Find values that appear in multiple columns, in different rows

There are situations when you need to find values that occur in multiple columns, but oitentially in different rows. This can be done with the JOIN or the INTERSECT statement.

Sometimes you need to find values that appear in multiple columns, possibly in different rows. For example you may have a messanger table with a sender and a receipt column, and you may want to check which users both sent and received messages. There are several ways to do this.

JOIN

To do this using an INNER JOIN:

SELECT DISTINCT sender
    FROM messanger s
    INNER JOIN messenger r
        ON s.sender = r.receipt;

We joined a table with itself (self join). The ON comparison is between the two columns we’re interested in.

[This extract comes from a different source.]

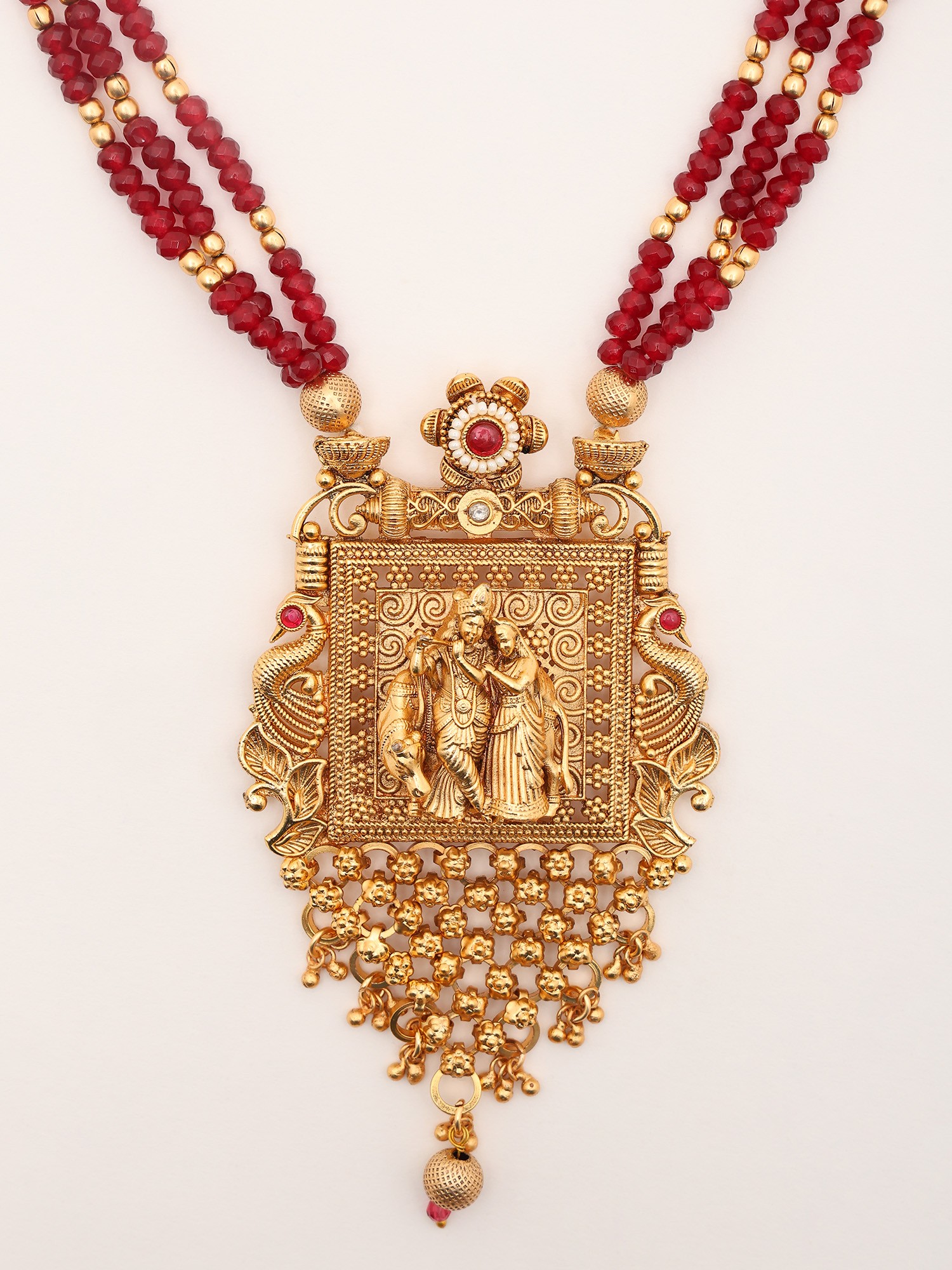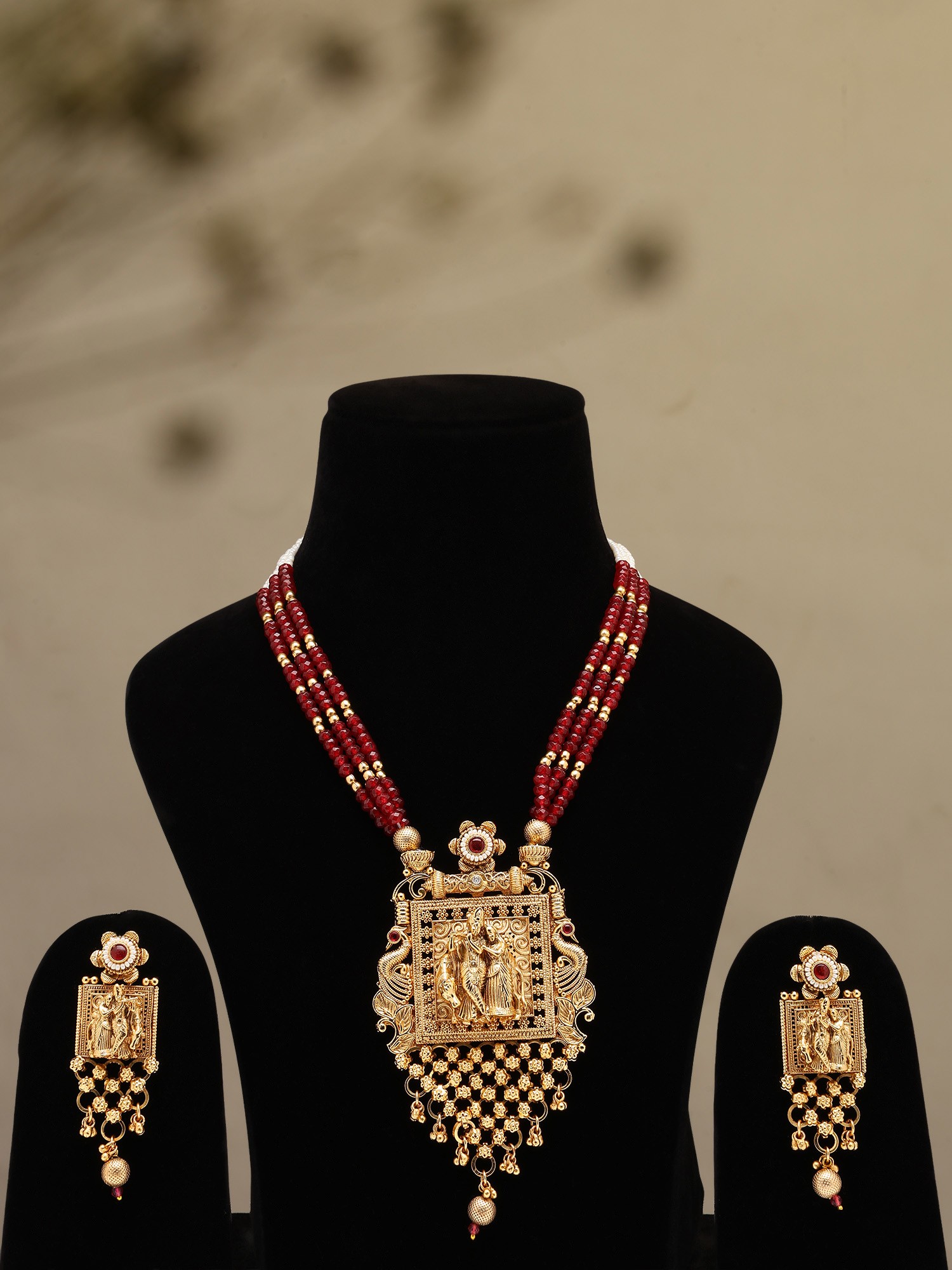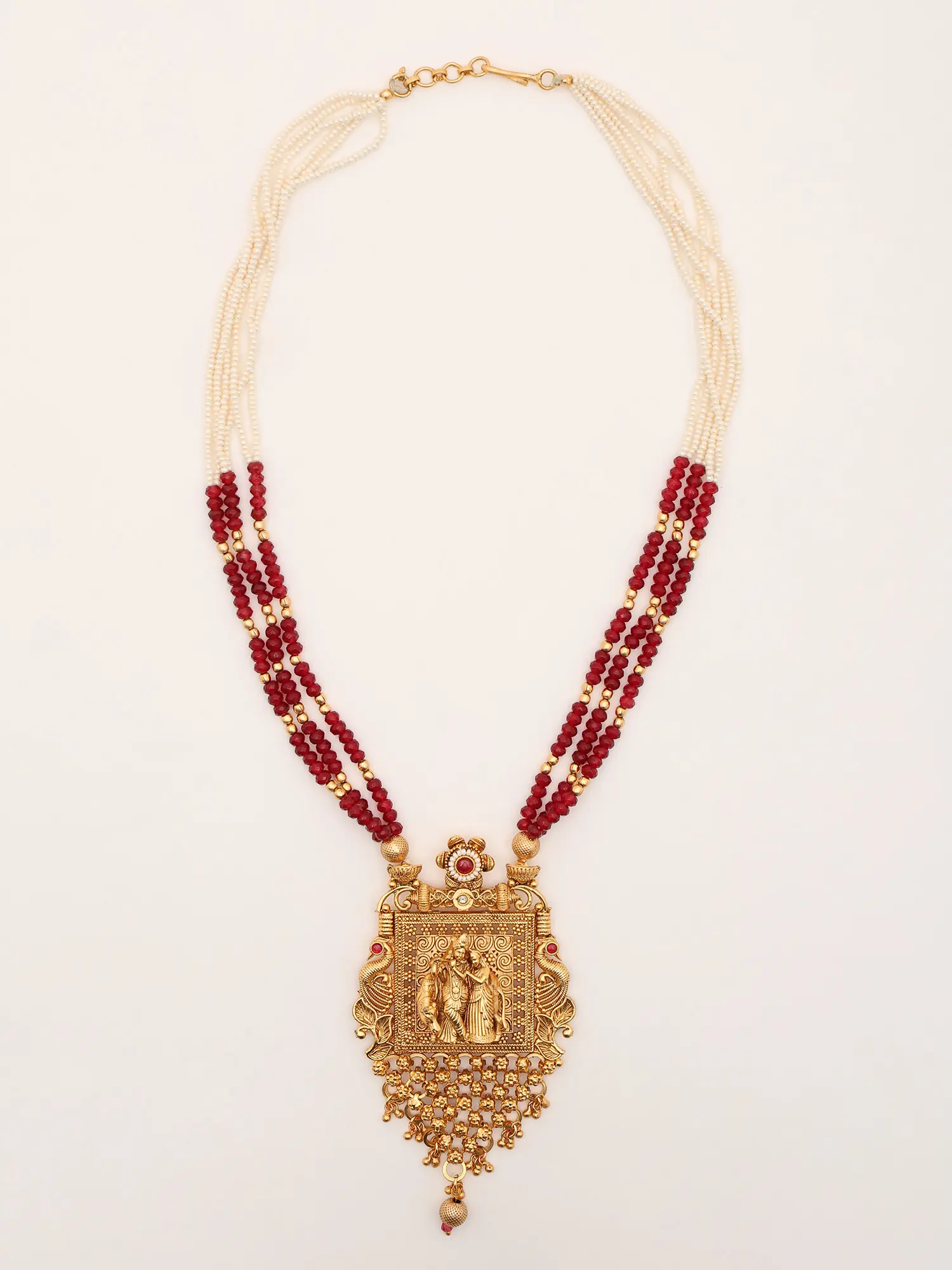 Beaded Multi Strand Long Radha Krishna Necklace and Earring Set
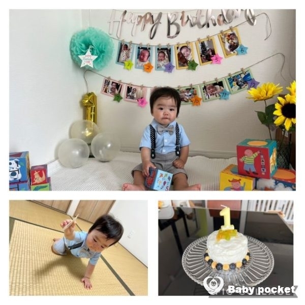1歳を迎える一週間前に掴まり立ちができる様になり、前日には数歩の伝い歩きが出来るようになりました。

Because it is an INNER JOIN, only the values that appear in both tables will be returned.

INTERSECT

To do this using INTERSECT:

(SELECT sender FROM messanger)
INTERSECT DISTINCT
(SELECT receipt FROM messanger);

INTERSECT is similar to the intersection set operation that we studied at school: it takes two queries, and returns the identical rows.

UNION DISTINCT

This method is showed for the sake of completeness. It is similar to INTERSECT, but the database could use a less efficient algorithm for this query.

(SELECT sender FROM messanger)
UNION DISTINCT
(SELECT receipt FROM messanger);

Performance

In most cases, the JOIN query will be faster. If one of the two tables is small enough, though, INTERSECT may be faster. INTERSECT DISTINCT (or just INTERSECT) is slower than INTERSECT ALL, so you may prefer the latter option; but each value will be returned multiple times, which can be annoying.

To speed up joins of this type, you can add two different indexes on sender and receipt – or make sure that two different indexes exist having sender and receipt as the first columns.